Caso numero due. Gianrico Carofiglio, scrittore-magistrato-deputato del Pd, annuncia che citerà in giudizio il poeta Vincenzo Ostuni perché sulla sua pagina Facebook (una platea informatica aperta a 1.352 «amici») costui ha annotato che il suo ultimo libro, Il silenzio dell’onda, è «letterariamente inesistente» e «scritto con i piedi da uno scribacchino mestierante». La minaccia di Carofiglio, una richiesta di risarcimento di 50 mila euro, gli scatena contro una chiassosa ondata di reazioni a difesa di Ostuni: petizioni di intellettuali (già a quota 200), flash mob con rilettura pubblica delle critiche di Ostuni, nonché pernacchie sui giornali. Così Carofiglio arretra e la butta in filosofia: «Bisogna evitare» proclama «di confondere libertà d’espressione e libertà d’insulto. E Ostuni mi ha offeso. Si può dire “il tuo libro mi fa schifo”, anche se non è elegante; non si può dire “tu mi fai schifo”». Ma anche in questo caso i paradossi impazzano: perché Ostuni non ha scritto le sue presunte ingiurie su un giornale, bensì in quel far west delle norme che è internet. Ed è vero che le sue parole su Facebook resteranno per sempre, perché la bacheca informatica è più resistente al tempo della stele di Rosetta. Ma vi sono entrate perché destinate a restare «private».
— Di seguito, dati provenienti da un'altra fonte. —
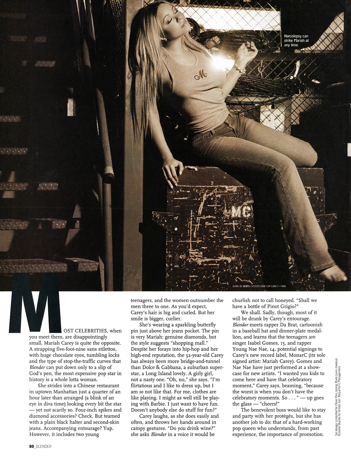 To be truthful, Blender is both disappointed and delighted by Carey's apparent normality. Disappointed because we had half-hoped she would arrive with a selection of fluffy animals and an attitude (great copy!); delighted because Carey is perfectly capable of stringing a coherent sentence together. Anyone who had witnessed her spaced-out performance on MTV Cribs last year — showing off her walk-in closets like a louche, lonely, Valium-conked housewife — would have wondered if there was anything at all behind those sparkling eyes.

Si vedrà in tribunale se Carofiglio avrà soddisfazione, ma il dubbio è legittimo. Certo, internet è davvero una giungla: quando nel settembre 2011 alcuni deputati del Pdl avevano tentato di applicare alla rete un minimo di regolamentazione, a difesa dell’onorabilità di persone e aziende, in Parlamento proprio i colleghi di partito di Carofiglio erano insorti gridando alla «legge bavaglio»: nessuna norma doveva limitare la piena libertà di blogger & internauti. La piazza aveva subito seguito il Pd e tutto si era bloccato. Risultato: online nessuno è veramente responsabile di nulla. Così (per esempio) il misterioso Creativefreedom, che ogni giorno sul suo blog si rivolge al premier Mario Monti e al suo ministro Elsa Fornero chiamandoli «figli di p...», continua da mesi a farlo impunito da un sito non perseguibile dall’autorità giudiziaria. Ma consoliamoci tutti. Perché la Cassazione, nell’aprile scorso, ha stabilito una fondamentale garanzia: il diritto alla rettifica informatica. Tutto era nato 15 anni prima, quando un sindaco lombardo, arrestato negli anni di Tangentopoli, aveva lamentato che la notizia delle manette, attraverso una semplice ricerca online, fosse ancora reperibile su vari siti internet; mentre non veniva mai riportata la successiva notizia del suo proscioglimento. La sentenza, sia pure tardivamente, ha stabilito che ogni sito deve garantire l’aggiornamento della cronaca giudiziaria. Paradossalmente, la Cassazione nulla ha prescritto ai giornali. I giudici, però, hanno aggiunto il «diritto all’oblio», cioè a che sul web «non vengano ulteriormente divulgate notizie che per il trascorrere del tempo risultano ormai dimenticate o ignote alla generalità dei consociati». Ecco, la cosa è un po’ teorica e non si vede chi possa fare rispettare il diritto. Ma forse farà del bene al cuore di Carofiglio.